Task goal: Would you repeat the whole listing exactly, pictures excluded?

Raw data:
--

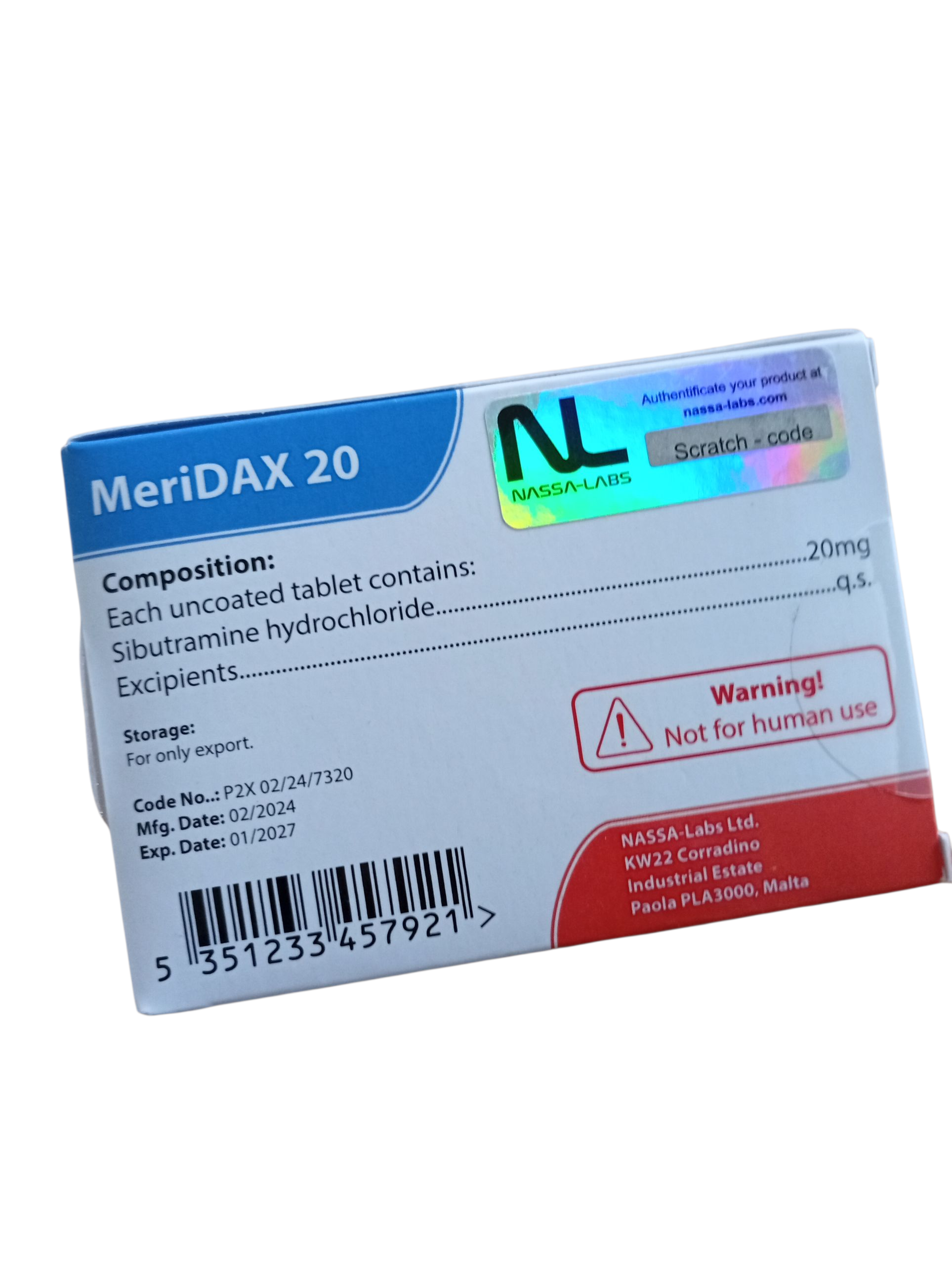 Meridax 20 mg Tabletten – Originalverpackung mit Blister und Schachtel
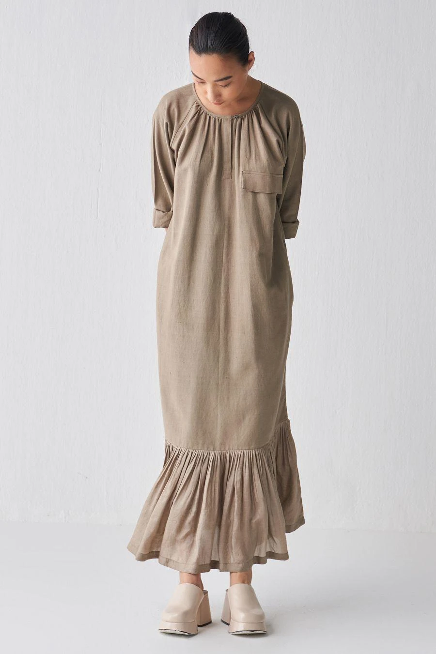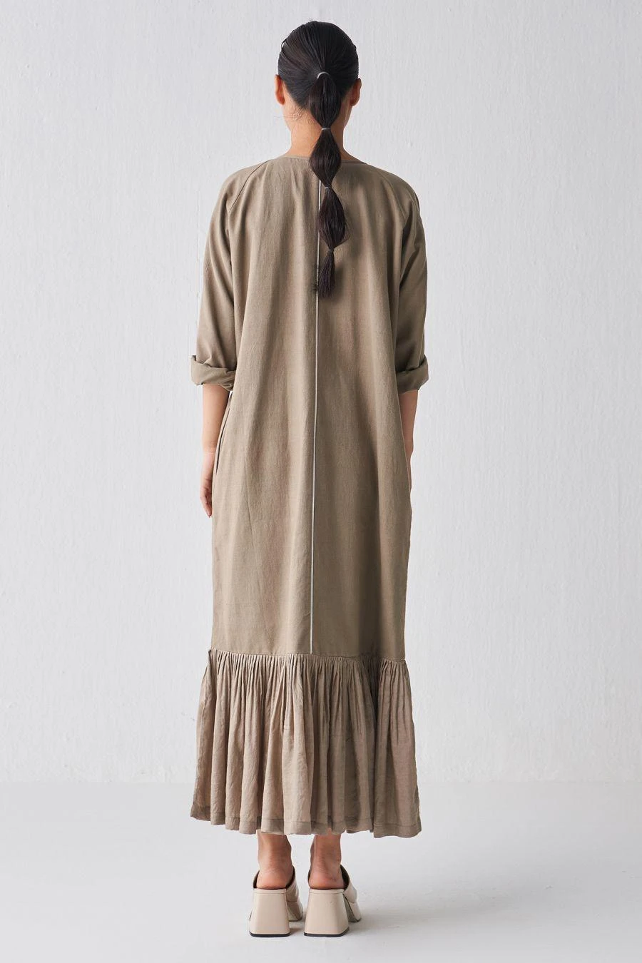 This sage dress falls in the realm of luxe minimalism. Crafted in khadi & silk, this dress features a gathered hem with a frill detail. Add a pair of dangler earrings to complete the look.
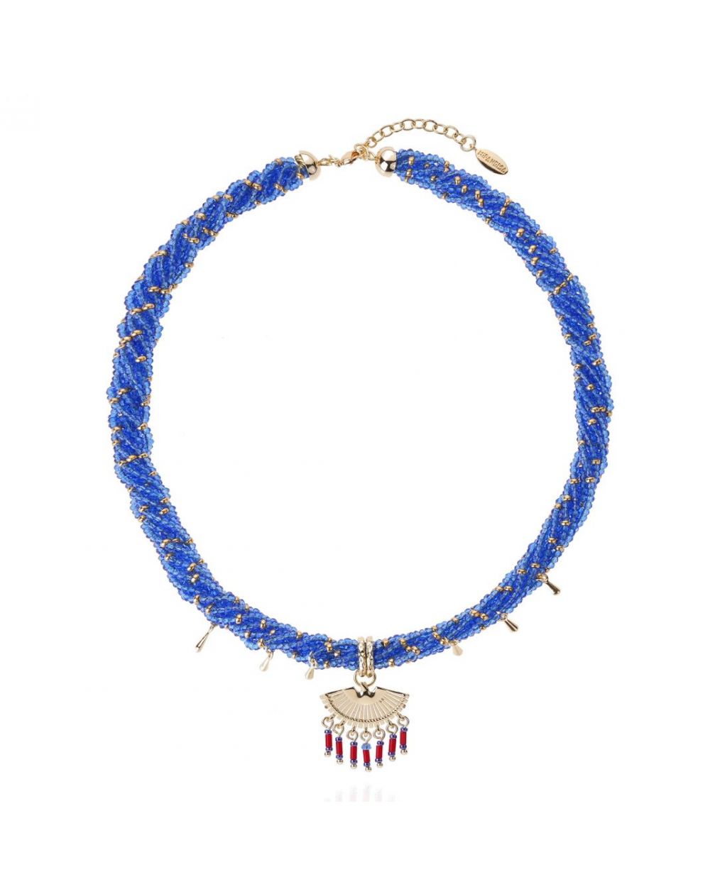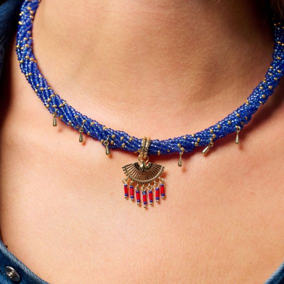 De BILKIS-ketting, verguld met fijn goud, viert de inspiratie van de Native Americans met zijn blauwe textielvlecht, gouden kwastjes en handgesneden centrale adelaar. Een krachtig en symbolisch sieraad met ambachtelijke charme.

--

Expected answer:
 Meridax 20 mg Tabletten – Originalverpackung mit Blister und Schachtel
 This sage dress falls in the realm of luxe minimalism. Crafted in khadi & silk, this dress features a gathered hem with a frill detail. Add a pair of dangler earrings to complete the look.
 De BILKIS-ketting, verguld met fijn goud, viert de inspiratie van de Native Americans met zijn blauwe textielvlecht, gouden kwastjes en handgesneden centrale adelaar. Een krachtig en symbolisch sieraad met ambachtelijke charme.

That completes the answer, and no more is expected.